Frequently asked questions
Is the American Board of Cosmetic Surgery equivalent to the ABPS?
No. ABCS is not an ABMS member board; ABPS (American Board of Plastic Surgery) is. State medical boards treat the two differently in most jurisdictions. Marketing ABCS as equivalent has drawn specific state board discipline.
Can facial plastic surgeons (ENT-based) use “facial plastic surgeon”?
Yes, with accurate disclosure. Facial plastic surgeons certified by the American Board of Otolaryngology and with additional subspecialty training can accurately describe their training. Clarity about what board provides the certification matters.
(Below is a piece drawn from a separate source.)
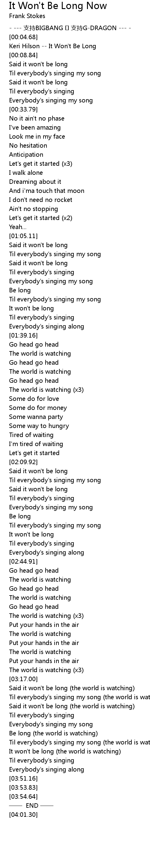 | [00:06.68] | Keri Hilson It Won' t Be Long |

What about “celebrity plastic surgeon” claims?
Depends on substantiation. If you have documented celebrity patients who authorize disclosure of the relationship, you can reference this with their authorization. Vague “celebrity” framing without specific verifiable basis is a superlative-claim issue.
How should I handle botched-surgery revision marketing?
Revision surgery marketing is an area where claims about “fixing” another surgeon’s work create professional-conduct and defamation concerns. Focus on your expertise in revision work without disparaging previous providers.
Are there specific rules for medical spa services offered by plastic surgery practices?
Yes. Non-surgical services (injectables, lasers, body-contouring) within a plastic surgery practice face all the med spa compliance rules. Supervision, device FDA status, before/after imagery rules apply independently.
What documentation should plastic surgery practices maintain?
Board certification documentation, patient authorizations for imagery with specific scope and duration, substantiation files for any specific outcome or satisfaction claims, before/after-imagery-consistency documentation (lighting, pose standards), pricing-disclosure records.